Training Optimizations addressed storage by using multi‑node, multi‑GPU training with a CPU‑based sparse parameter server to extend capacity beyond GPU memory; compute was improved via a heterogeneous pipeline that separates CPU‑intensive feature networks from GPU‑intensive model networks; I/O was mitigated by introducing a GPU‑HBM parameter server as a first‑level cache and by pipeline‑parallelizing data loading, feature extraction, and training steps.

Parameter updates use All‑to‑All for embeddings and NVLink/IB AllReduce for dense weights, while a fused Adam optimizer reduces memory accesses.

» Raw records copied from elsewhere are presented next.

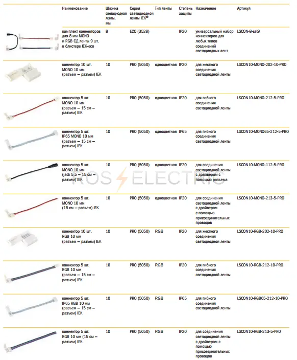Коннекторы (клеммы соединительные) светодиодных лент ИЭК - предназначены для жесткого соединения светодиодных лент без пайки.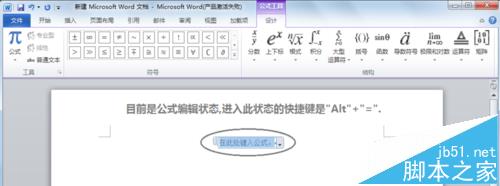 3、可以看到,当点击了"公式"后,进入到了公式编辑的状态。(使用"Alt"+"="快捷键可直接进入此界面)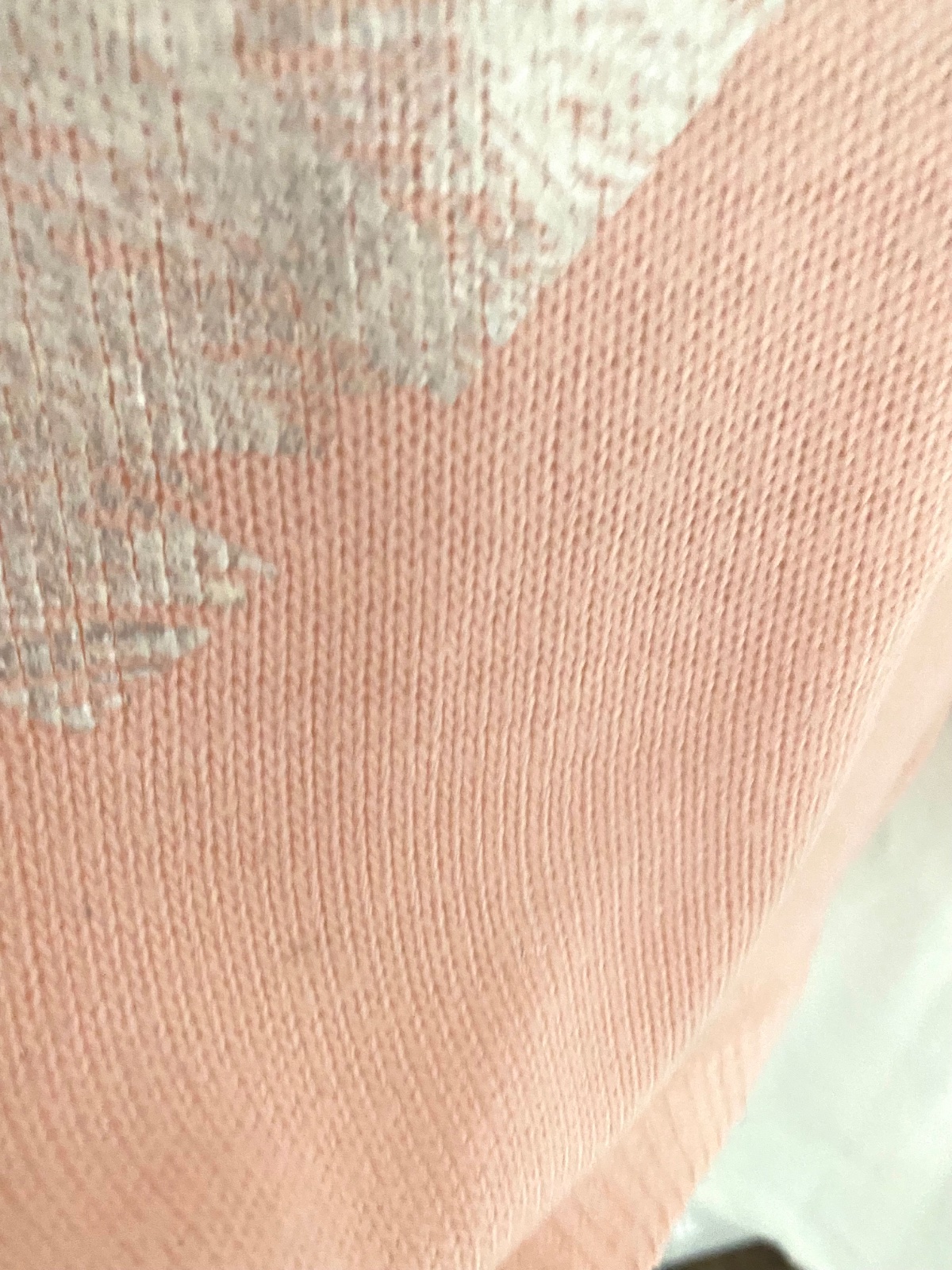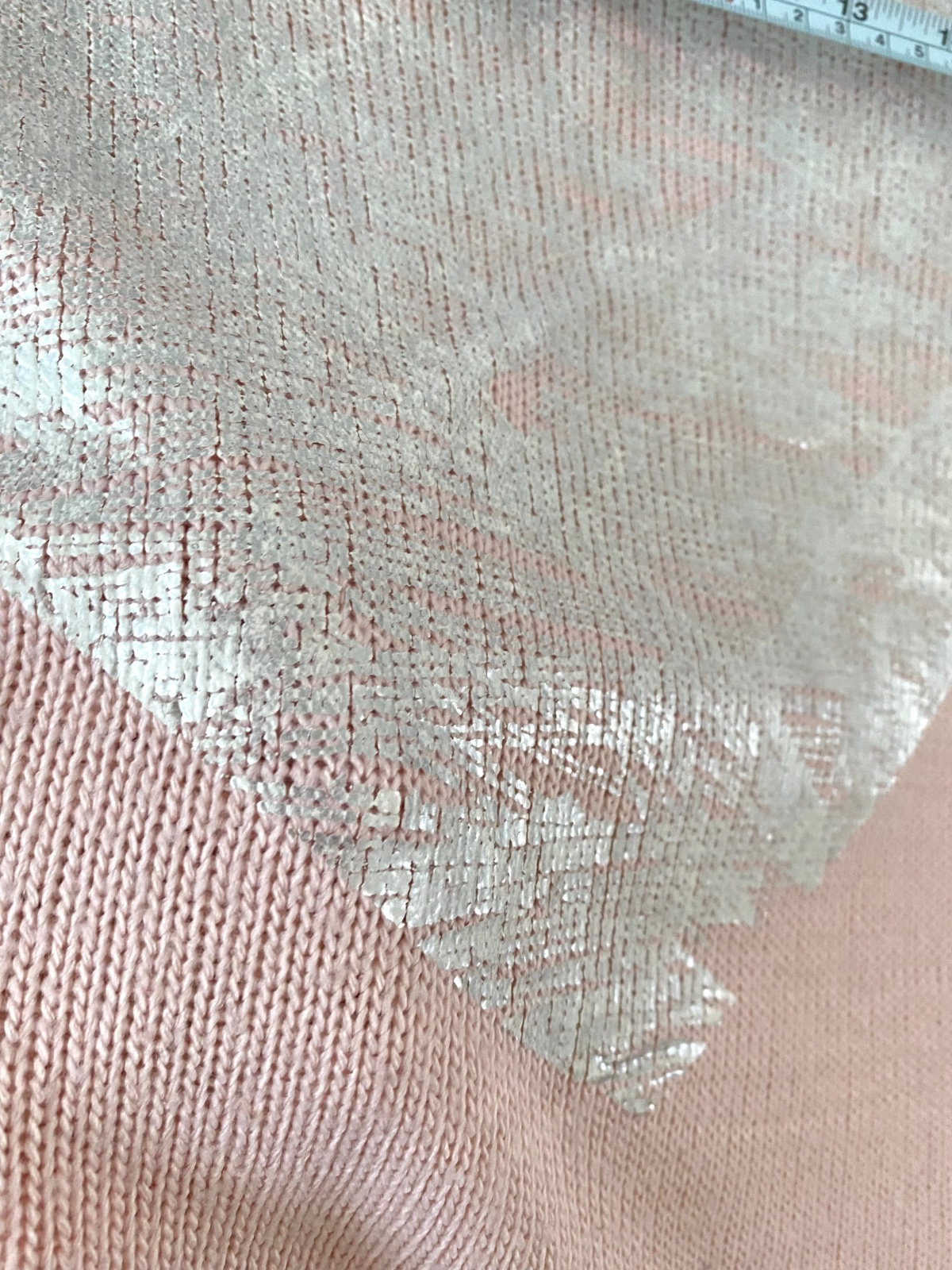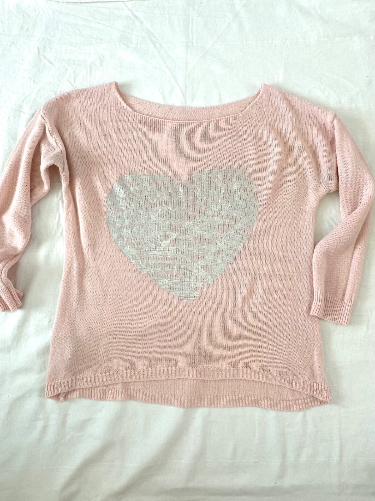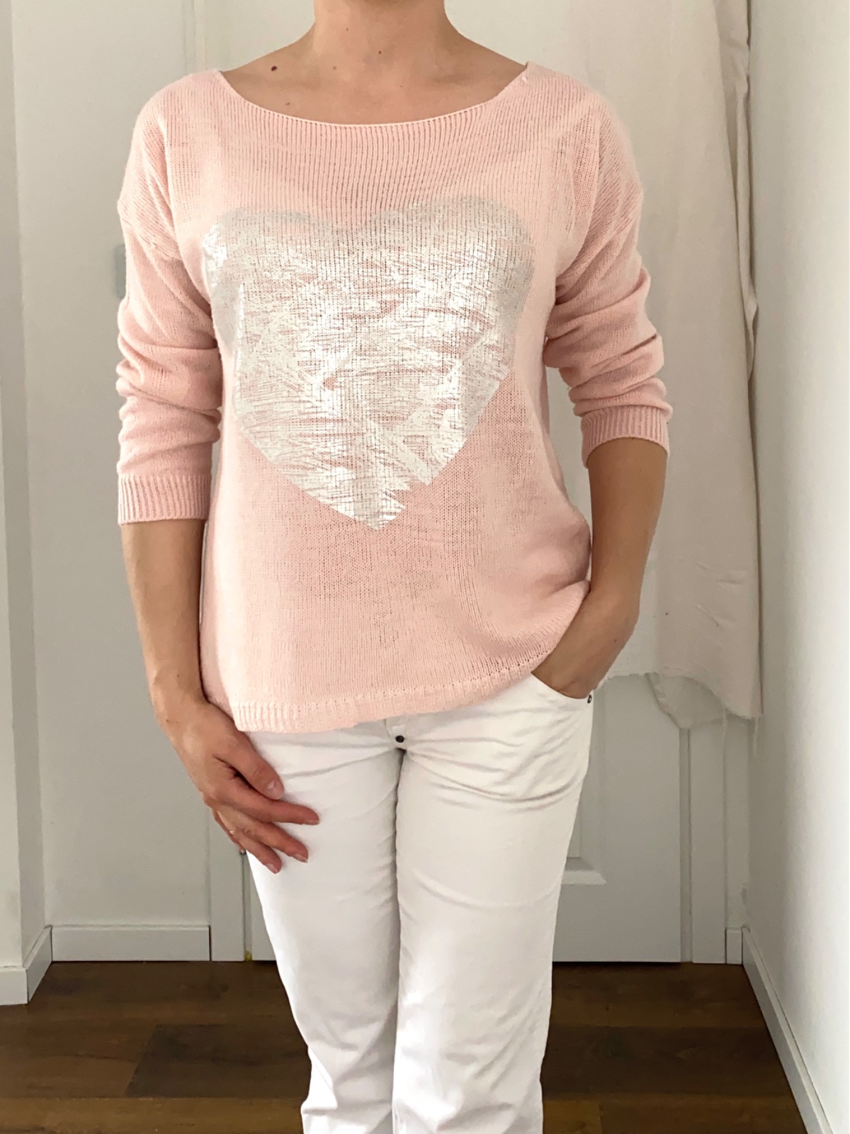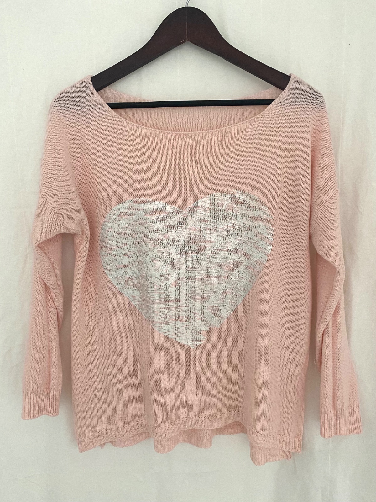 Svetrík s pridanou vlnou v krásnej jemnej ružovej farbe. Sveter má okrúhly výstrih, jednoduchý oversize strih s padajúcimi ramenami. Má aj krásnu striebornú potlač srdca. Zloženie je 20% vlna. Je tenší, ale teplý. Veľkosť by som označila ako univerzálnu, bude dobrý na M aj L. Všetky rozmery sú na fotkách. Sveter má výrobnú chybu zobrazenú na poslednej fotke.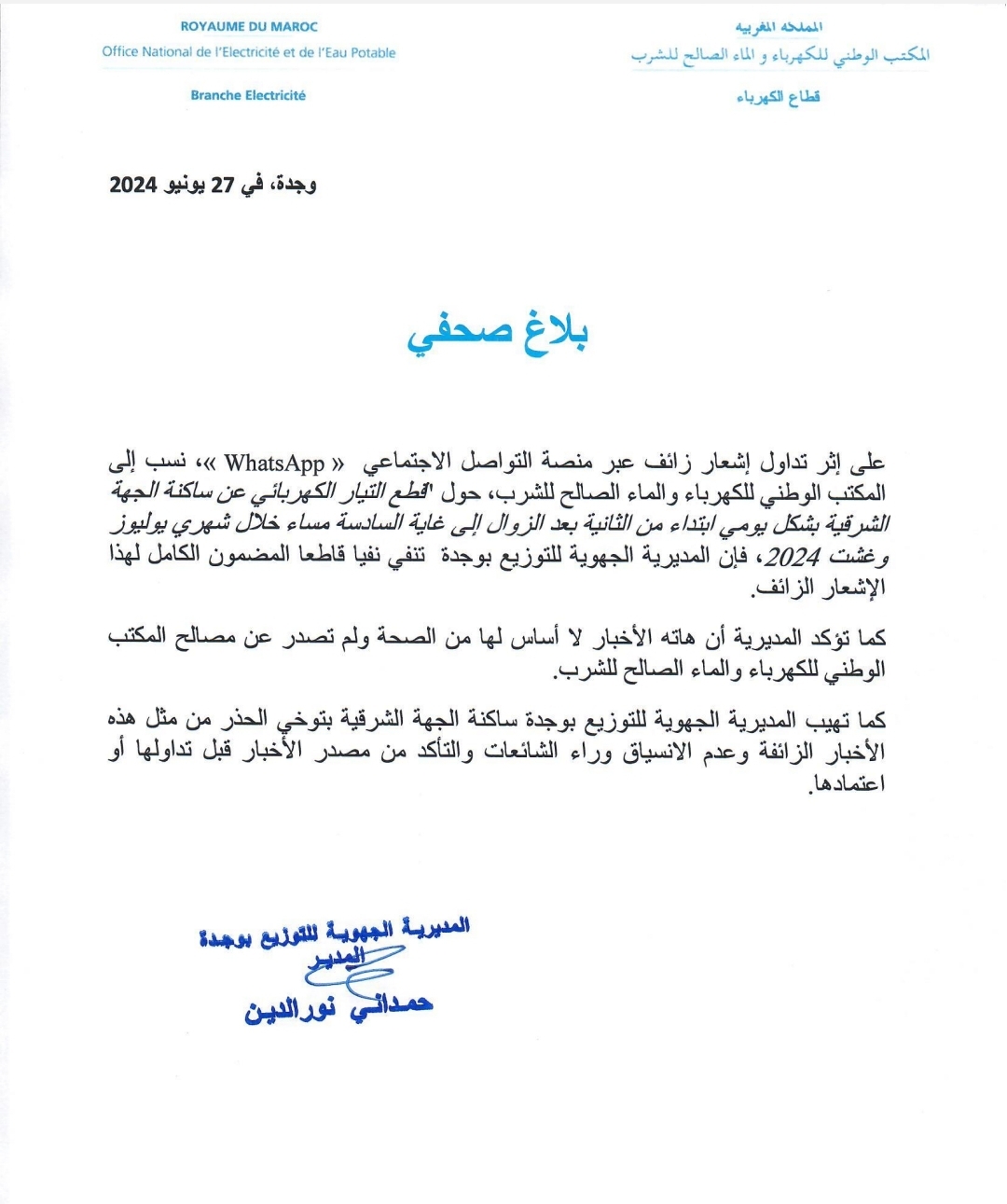 أصدرت المديرية الجهوية للتوزيع التابعة للمكتب الوطني للكهرباء والماء الصالح للشرب، قطاع الكهرباء، بلاغا صحفيا، تفند فيه جملة وتفصيلا ما تضمنته أحد الإشعارات الزائفة التي تم تداولها عبر منصات التواصل الاجتماعي “الواتساب”، منسوب إلى المكتب الوطني للكهرباء والماء الصالح للشرب -قطاع الكهرباء- حول قطع التيار الكهربائي عن ساكنة الجهة الشرقية بشكل يومي، ابتداء من الثانية بعد الزوال إلى غاية السادسة مساء، خلال شهري يوليوز وغشت 2024.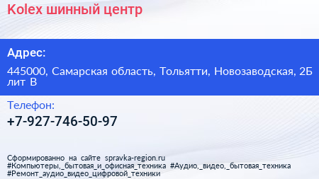 Kolex, шинный центр по адресу 445000, Самарская область, Тольятти, Новозаводская, 2Б лит В в дальнейшем Организация, размещена в следующих категориях: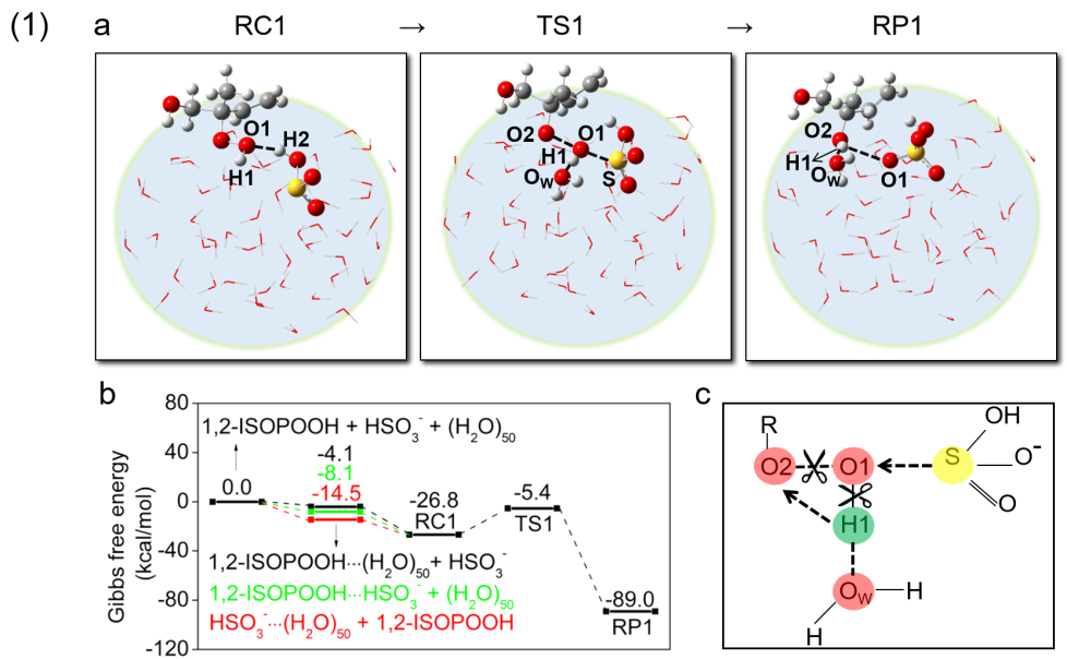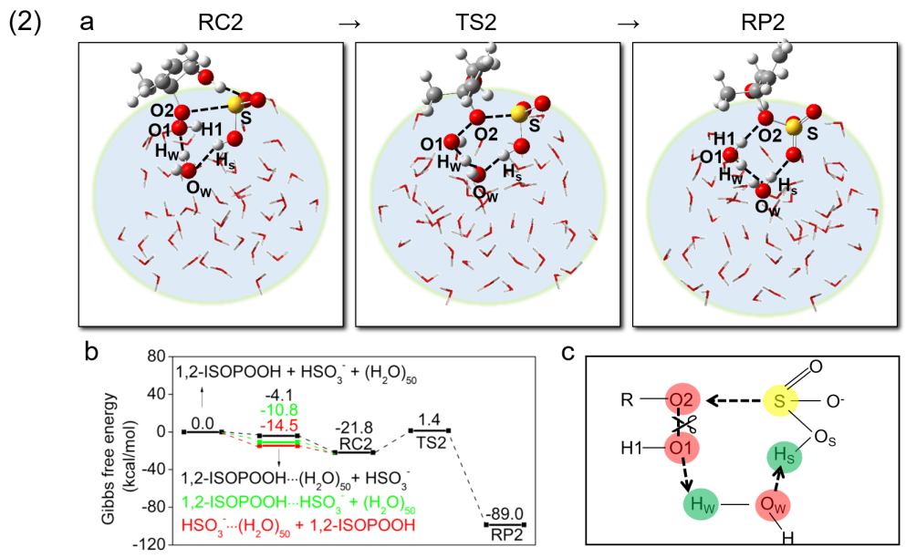 圖2. 異戊二烯過氧化物與HSO3-的反應(yīng)機理:(1) 產(chǎn)物為硫酸鹽:a 反應(yīng)物(RC1)、過渡態(tài)(TS1)、反應(yīng)產(chǎn)物(RP1);b 反應(yīng)勢能面;c 關(guān)鍵反應(yīng)位點示意圖; (2) 產(chǎn)物為有機硫酸酯:a 反應(yīng)物(RC2)、過渡態(tài)(TS2)、反應(yīng)產(chǎn)物(RP2);b 反應(yīng)勢能面;c 關(guān)鍵反應(yīng)位點示意圖。

Inference Optimizations tackled three problems: variable request queue lengths, low‑latency high‑concurrency demands, and complex multi‑behavior models. Solutions included the TensorBatch scheme that dynamically balances batch size and computation cost, multi‑stream execution by extending TensorFlow's device layer with multiple CUDA streams and contexts, and leveraging NVIDIA MPS to minimize context‑switch overhead.

To overcome limitations of existing deep‑learning compilers, JD extended compiler capabilities with graph‑partitioned pre‑compilation (bucketed sub‑graphs) and asynchronous compilation for long‑tail traffic, enabling fast, low‑latency inference despite dynamic input dimensions.

The presentation concluded that future work will focus on further I/O reductions, tensor‑parallel and pipeline‑parallel inference, and continued integration of sparse and dense modeling to meet growing model scale and performance requirements.